==== Input for this task ====

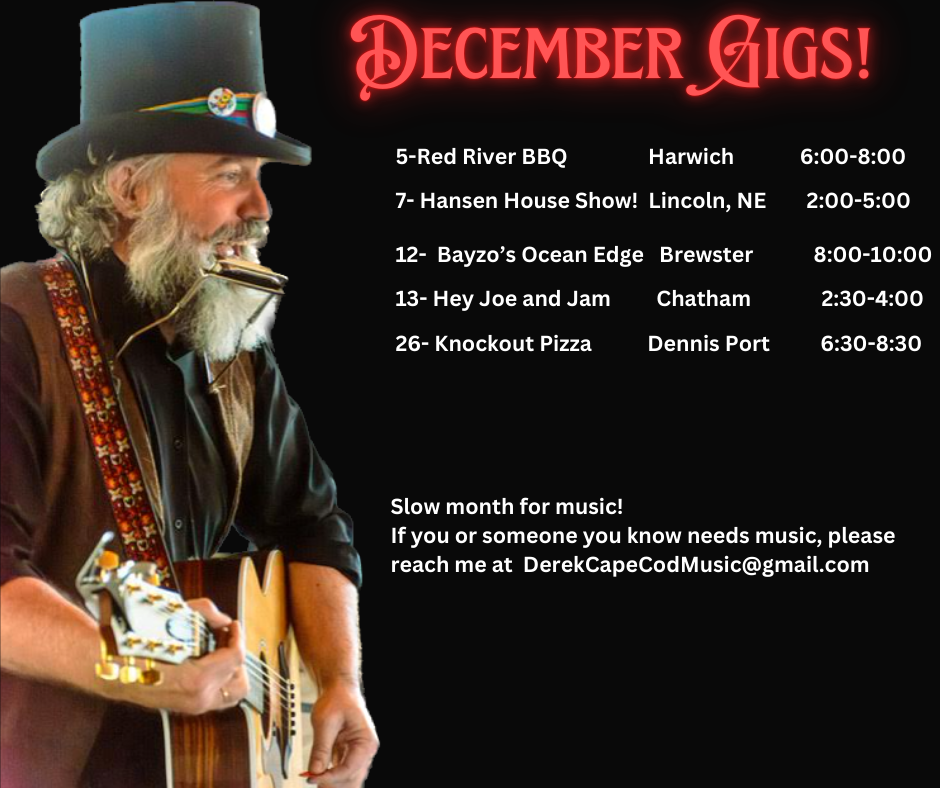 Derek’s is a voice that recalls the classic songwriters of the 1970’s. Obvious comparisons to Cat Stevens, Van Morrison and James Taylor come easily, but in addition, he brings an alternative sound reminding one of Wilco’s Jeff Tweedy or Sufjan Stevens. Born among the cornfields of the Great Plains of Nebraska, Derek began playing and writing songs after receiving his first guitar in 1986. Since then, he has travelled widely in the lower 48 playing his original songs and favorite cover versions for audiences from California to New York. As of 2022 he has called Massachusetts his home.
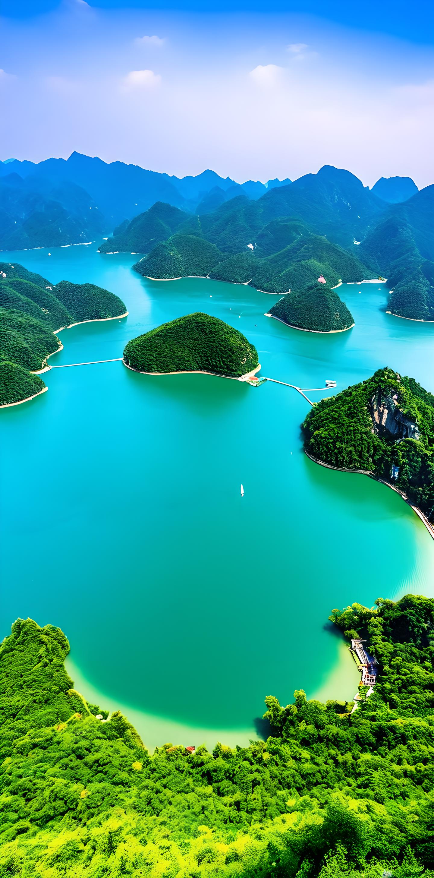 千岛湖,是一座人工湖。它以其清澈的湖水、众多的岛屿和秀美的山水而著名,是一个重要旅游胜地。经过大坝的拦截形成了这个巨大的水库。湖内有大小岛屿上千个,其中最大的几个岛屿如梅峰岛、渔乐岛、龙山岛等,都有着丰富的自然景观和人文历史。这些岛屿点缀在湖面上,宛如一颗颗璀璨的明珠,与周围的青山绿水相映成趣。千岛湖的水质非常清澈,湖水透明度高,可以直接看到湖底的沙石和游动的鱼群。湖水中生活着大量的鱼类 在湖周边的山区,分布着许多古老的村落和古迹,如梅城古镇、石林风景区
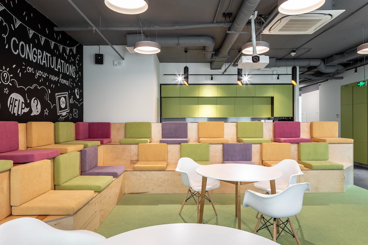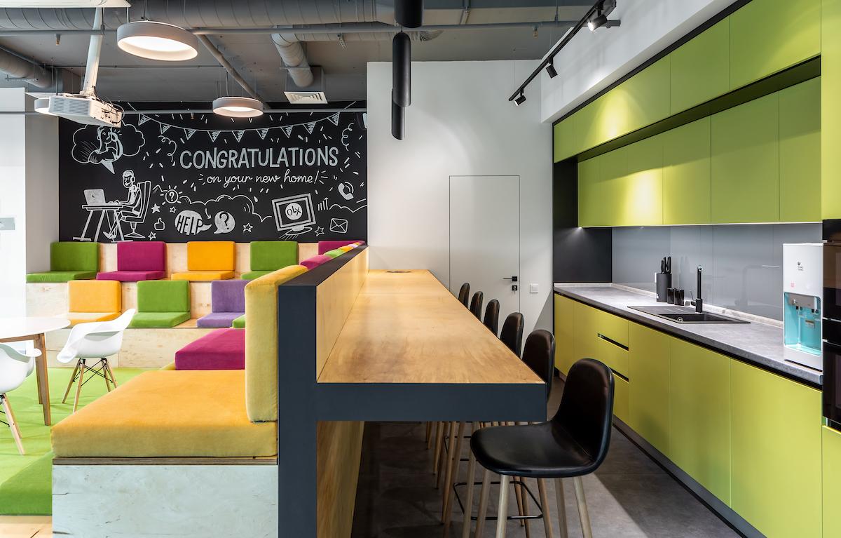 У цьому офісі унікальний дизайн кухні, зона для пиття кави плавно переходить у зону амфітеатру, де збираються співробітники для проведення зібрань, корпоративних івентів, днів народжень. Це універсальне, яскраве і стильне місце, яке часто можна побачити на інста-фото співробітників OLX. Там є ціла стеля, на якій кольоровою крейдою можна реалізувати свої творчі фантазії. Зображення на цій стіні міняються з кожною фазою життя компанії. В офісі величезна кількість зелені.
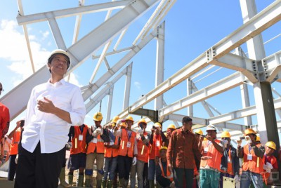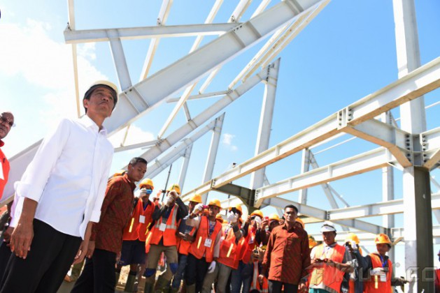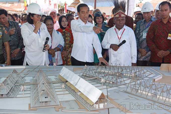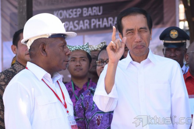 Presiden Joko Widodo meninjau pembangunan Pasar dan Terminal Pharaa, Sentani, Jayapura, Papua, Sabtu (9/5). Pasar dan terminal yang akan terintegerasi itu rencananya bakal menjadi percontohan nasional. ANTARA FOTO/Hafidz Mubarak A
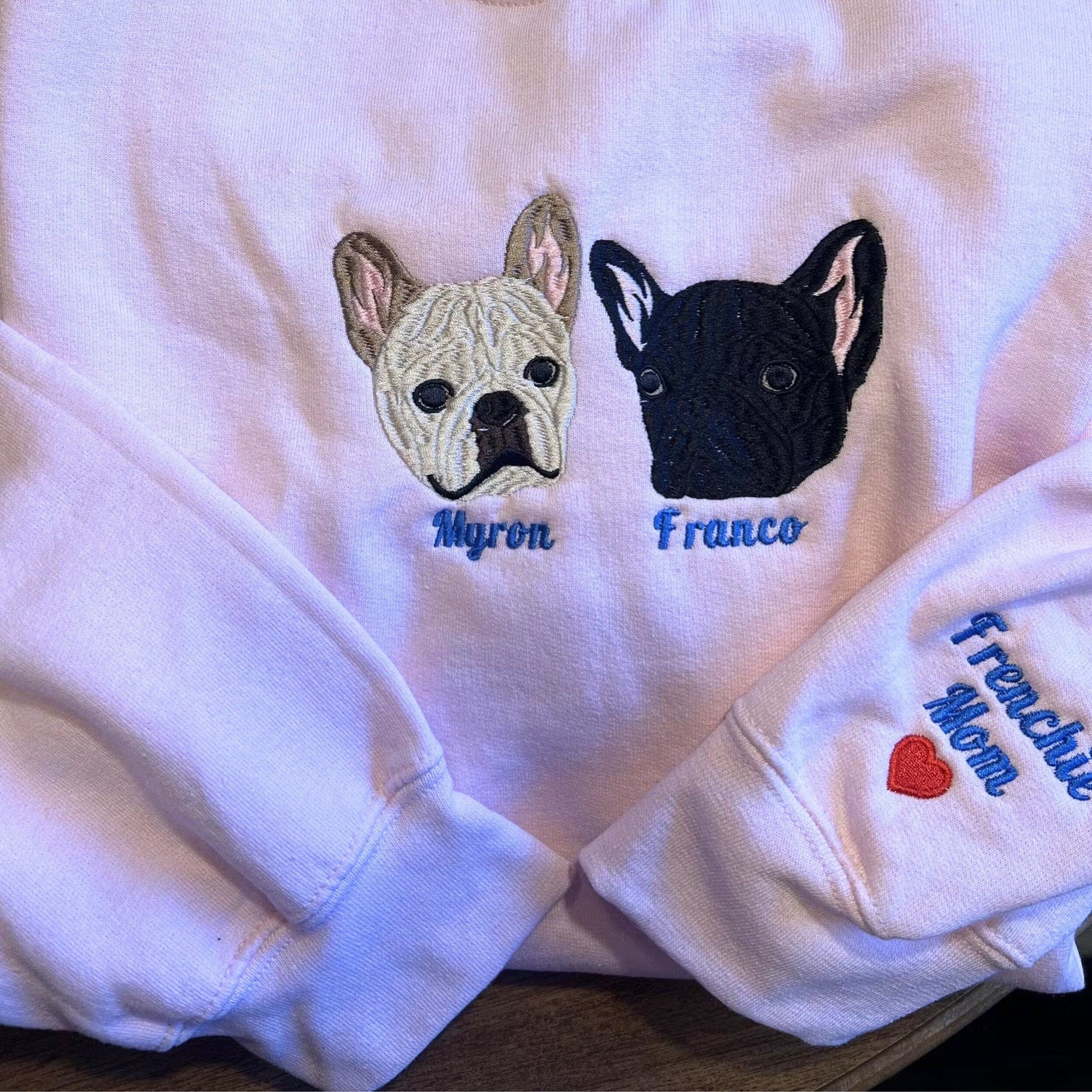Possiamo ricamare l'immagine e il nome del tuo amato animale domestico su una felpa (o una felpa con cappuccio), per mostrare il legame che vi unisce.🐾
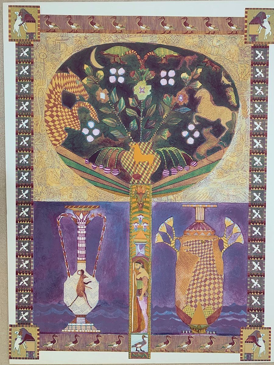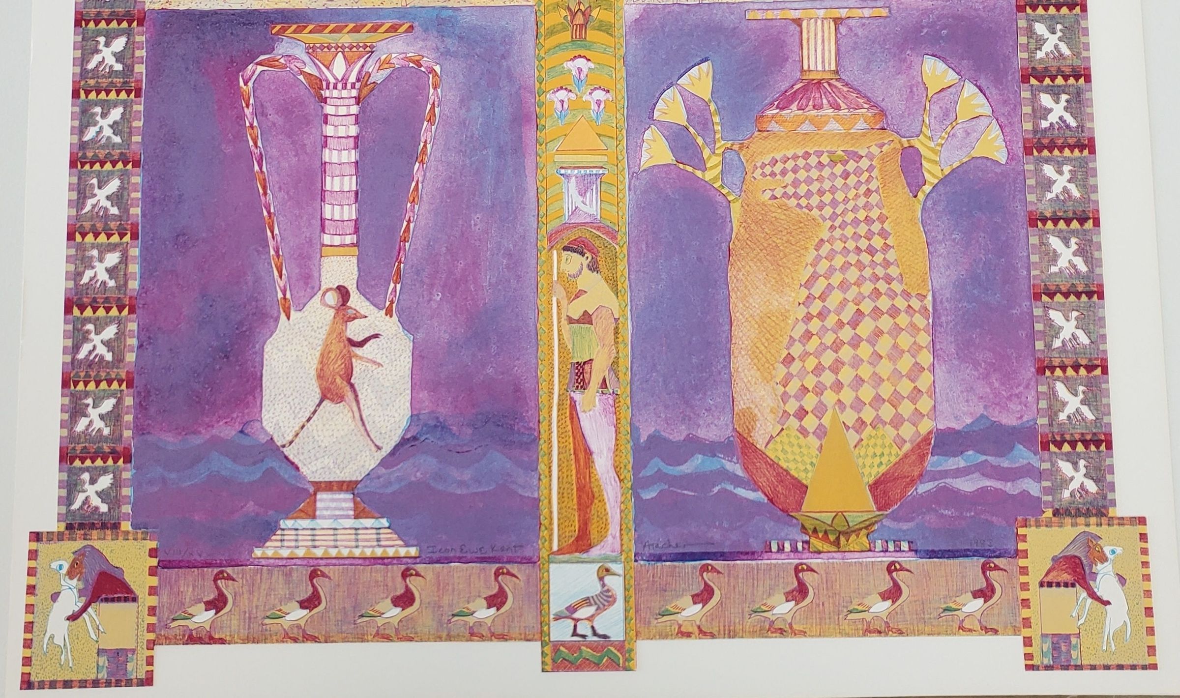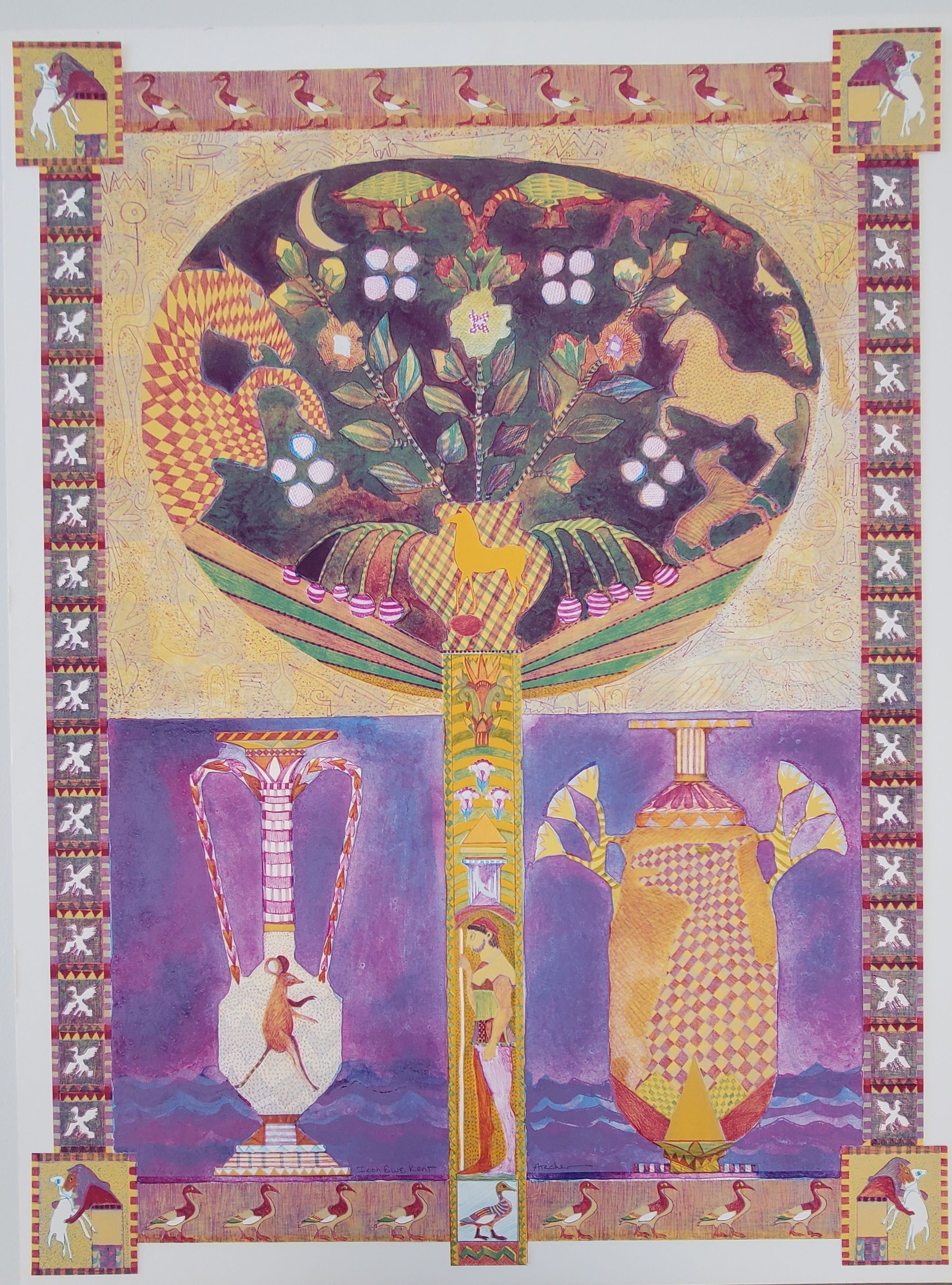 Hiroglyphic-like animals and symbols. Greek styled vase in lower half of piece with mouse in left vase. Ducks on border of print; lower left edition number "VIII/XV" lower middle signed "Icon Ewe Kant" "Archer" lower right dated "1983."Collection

====

# Task to complete
The reply should hold only the lines running from the top of the records to the line containing "千岛湖,是一座人工湖。它以其", both included, copied exactly with no pictures.

# Result of the exercise
 Derek’s is a voice that recalls the classic songwriters of the 1970’s. Obvious comparisons to Cat Stevens, Van Morrison and James Taylor come easily, but in addition, he brings an alternative sound reminding one of Wilco’s Jeff Tweedy or Sufjan Stevens. Born among the cornfields of the Great Plains of Nebraska, Derek began playing and writing songs after receiving his first guitar in 1986. Since then, he has travelled widely in the lower 48 playing his original songs and favorite cover versions for audiences from California to New York. As of 2022 he has called Massachusetts his home.
 千岛湖,是一座人工湖。它以其清澈的湖水、众多的岛屿和秀美的山水而著名,是一个重要旅游胜地。经过大坝的拦截形成了这个巨大的水库。湖内有大小岛屿上千个,其中最大的几个岛屿如梅峰岛、渔乐岛、龙山岛等,都有着丰富的自然景观和人文历史。这些岛屿点缀在湖面上,宛如一颗颗璀璨的明珠,与周围的青山绿水相映成趣。千岛湖的水质非常清澈,湖水透明度高,可以直接看到湖底的沙石和游动的鱼群。湖水中生活着大量的鱼类 在湖周边的山区,分布着许多古老的村落和古迹,如梅城古镇、石林风景区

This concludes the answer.